Die Folk Songs lassen sich in einem erweiterten Sinne als Volkslied-Arrangements verstehen. So basieren die elf Lieder, mit Ausnahme von La donna ideale und Ballo, auf Volkslieder aus unterschiedlichen Kulturkreisen. Einige von ihnen entnahm der Komponist aus gedruckten Volksliedsammlungen, andere hingegen wurden ihm vorgesungen oder er lernte sie auf Aufnahmen kennen und transkribierte sie nach dem Gehör. Berio hat nicht nur die Liedtexte in ihrer Originalsprache belassen, sondern in den meisten Fällen auch die Liedmelodien ohne große Änderungen übernommen. Die folgende Auflistung gibt eine Übersicht über die Herkunft der verschiedenen Lieder und ihre Quellen:
Die Folk Songs setzen sich aus zwei verschiedenen Schichten zusammen: Den Volksliedmelodien und -texten in der Gesangsstimme und einer von Berio hinzu komponierten instrumentalen Begleitung. Diese Begleitschicht verändert sich nicht nur von Lied zu Lied, sondern unterscheidet sich in ihrer Tonsprache und Klanglichkeit erheblich von den Volksmelodien. In dieser Differenz zwischen dem vorgefundenen Material und der es gleichsam umhüllenden neuen Begleitschicht liegt der besondere ästhetische Reiz von Berios „Volksliedbearbeitungen“.

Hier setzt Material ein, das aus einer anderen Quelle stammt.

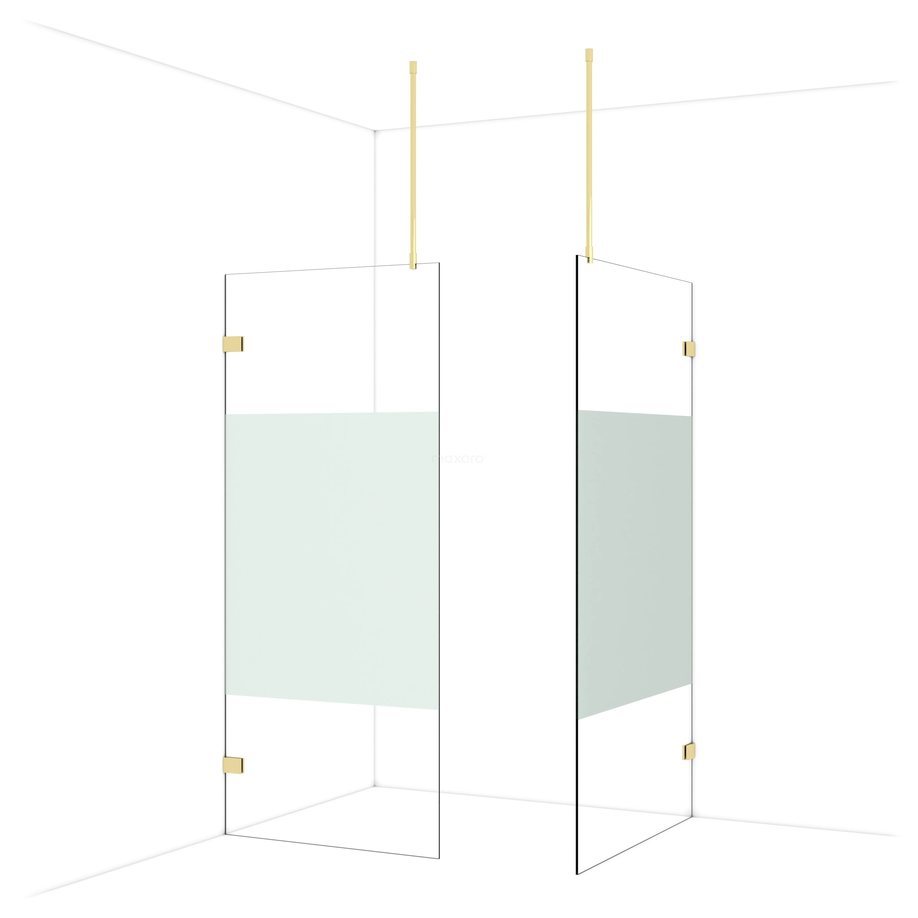 In der stilvollen begehbaren Dusche Diamond mit den Maßen 110x90 cm können Sie jeden Tag herrliche Duschsitzungen genießen. Sie hat ein raffiniertes und luxuriöses Design in glänzendem Hellgold und verfügt über Klarglas mit mattem Streifen für mehr Privatsphäre.
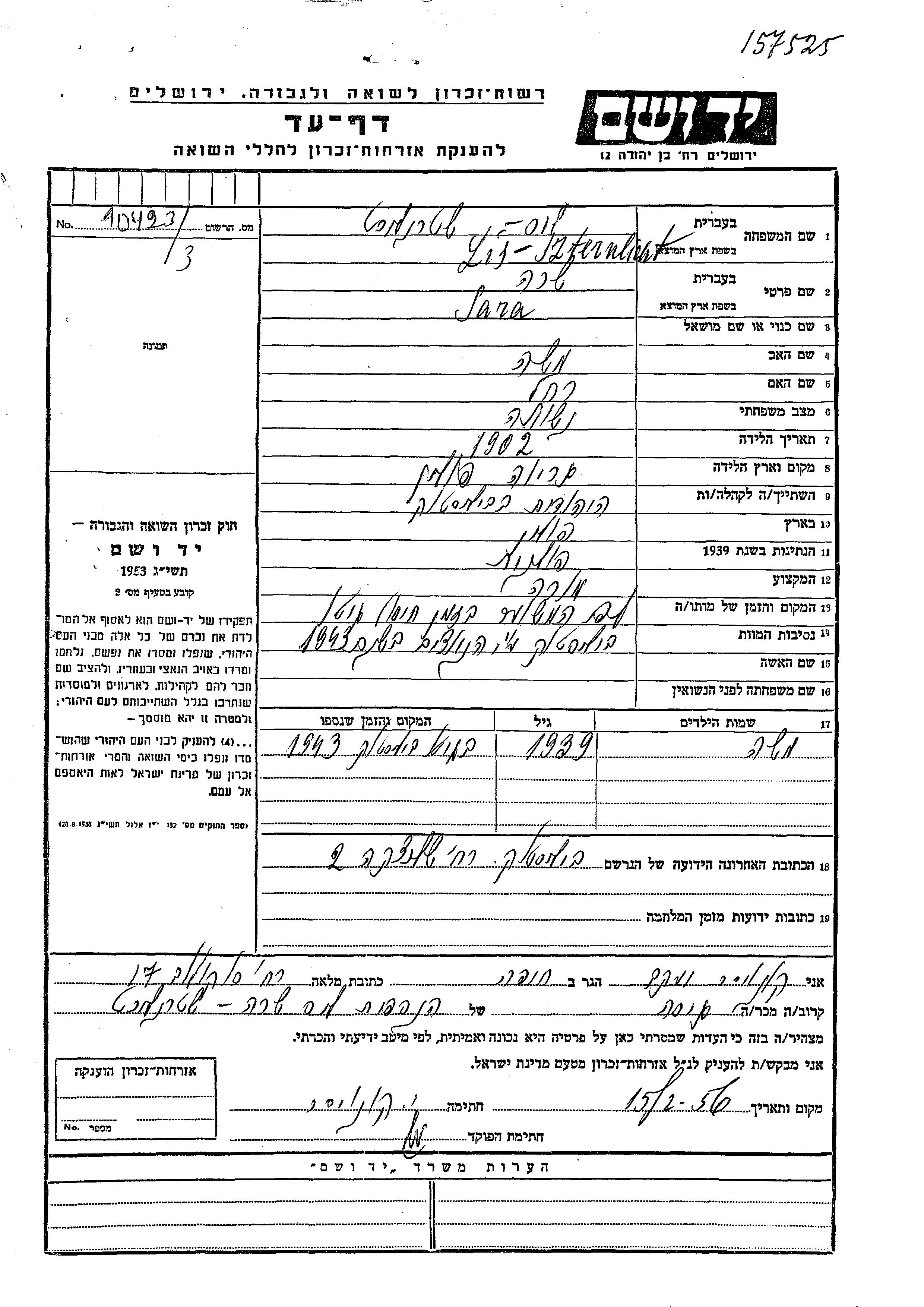 Yad Vashem - Pages of Testimony Names Memorial Collection
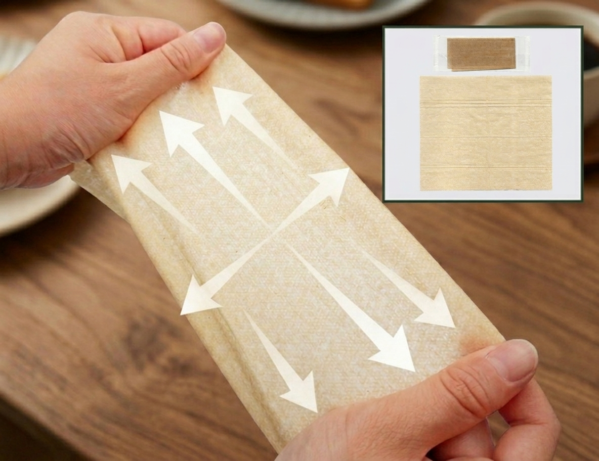 お弁当の格を上げる資材として、未晒しの高級感は有効です。食品パッケージにこだわる店舗に対し、消耗品でも一貫した世界観を提案することで、競合の入り込む隙を与えません。また、企業の応接やサロンでの茶出しにおいても、布おしぼりに近い質感が、おもてなしの質を担保します。
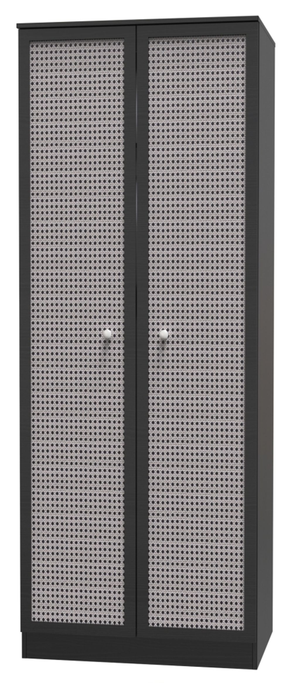 Rattan and Black Ash 2 Door Plain Tall Wardrobe
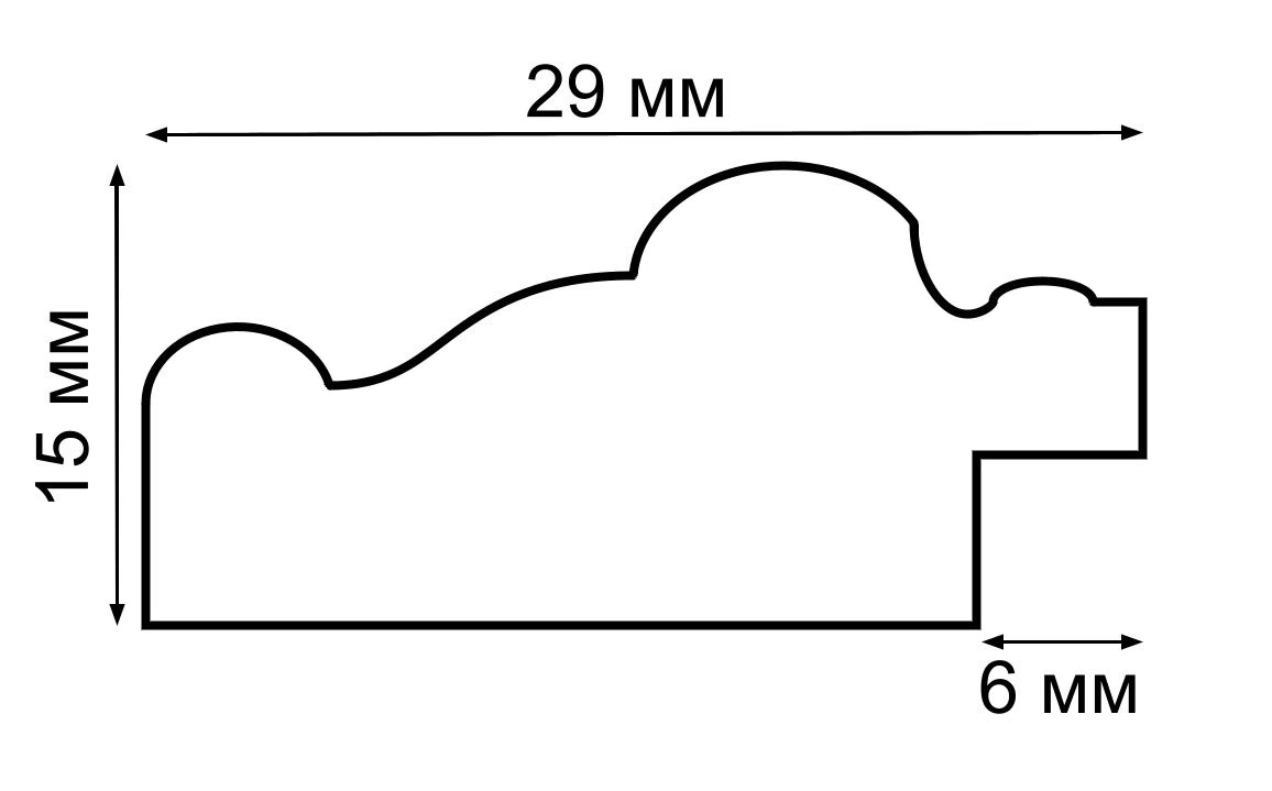 Толщина профиля 15 мм, ширина 29 мм. Толщина задника 2 мм, защитной вставки их пластика ПЭТ 0,5 мм.
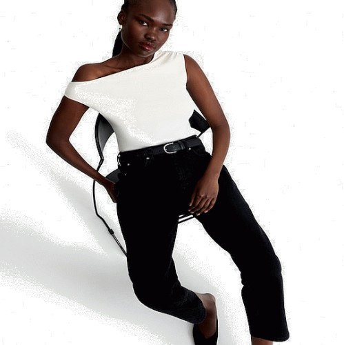 Polyamide Asymmetric Neck Sleeveless Top in Cream
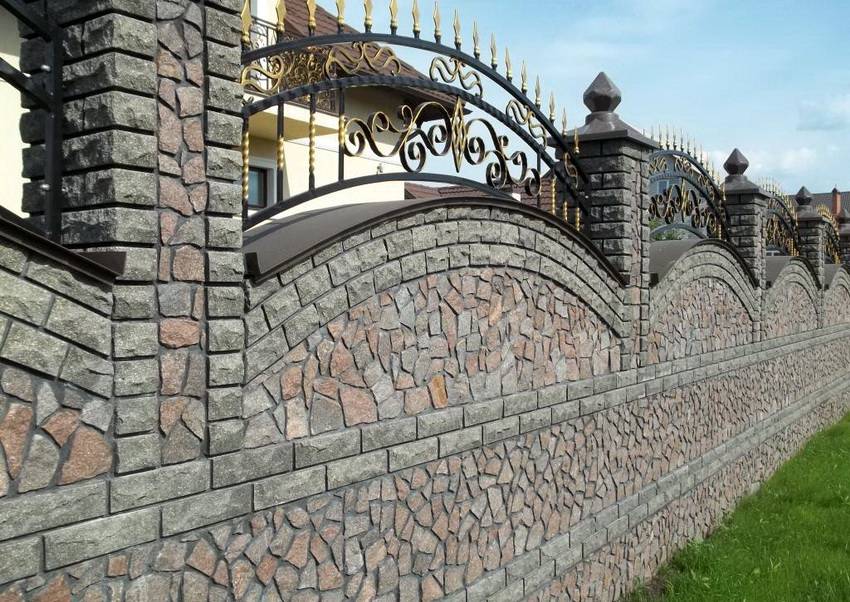 - Забор с полукруглой ковкой. Наиболее интересный и художественный вариант. Нижняя часть (1-1,5 м) и столбы выкладываются из камня, а пролеты представлены в виде полукруглых секций из металлических элементов.
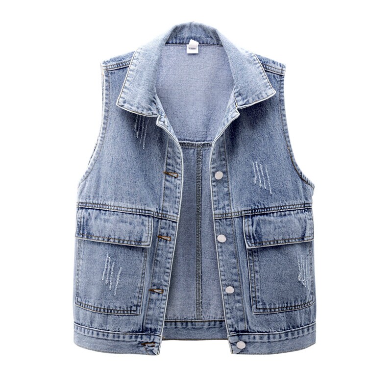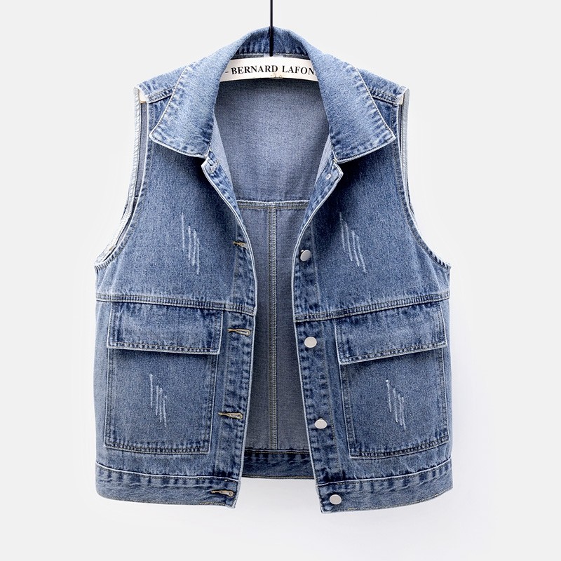 2025春夏新品牛仔马甲女短款简约宽松大口袋背心百搭无袖上衣开衫
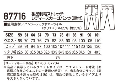 87716/製品制電ストレッチレディースカーゴパンツ(裏付) |

Wie viele seiner anderen Vokalwerke schrieb Lucian Berio die Folk Songs für die amerikanische Sängerin Cathy Berberian (1925-1983), mit der er von 1950 bis 1966 verheiratet war. Berio war nicht nur von dem großen Umfang und der ungeheuren Modulations- und Wandlungsfähigkeit von Berberians Stimme fasziniert, sondern auch von ihrer atemberaubenden Fähigkeit, die unterschiedlichsten vokalen Rollen anzunehmen und in kürzester Zeit zwischen ihnen hin und her zu springen. Die besonderen Anforderungen des Vokalparts der Folk Songs beschreibt Berio in einem Interview, das nach dem Tod von Cathy Berberian entstand, wie folgt:
„Es handelt sich um elf vokale Stücke, die für den Hörer dann interessant werden, wenn die Stimme wirklich sehr modulationsfähig ist. Cathy hatte bei der Aufführung der Folk Songs elf verschiedene Stimmen. Wenn ich das Werk heute aufführe, benutzte ich zwei oder drei Sängerinnen, die sich die Stücke aufteilen. Ich habe bis jetzt noch keine andere Sängerin gefunden, die in der Lage wäre, alles zu machen.“ (zit. nach Nicola Scaldaferri, „Folk Songs de Luciano Berio: éléments de recherche sur la genèse de l’oeuvre“ in: Analyse Musicale 2001, H. 3, S. 42-54, S. 51; dt. Übersetzung: Tobias Bleek)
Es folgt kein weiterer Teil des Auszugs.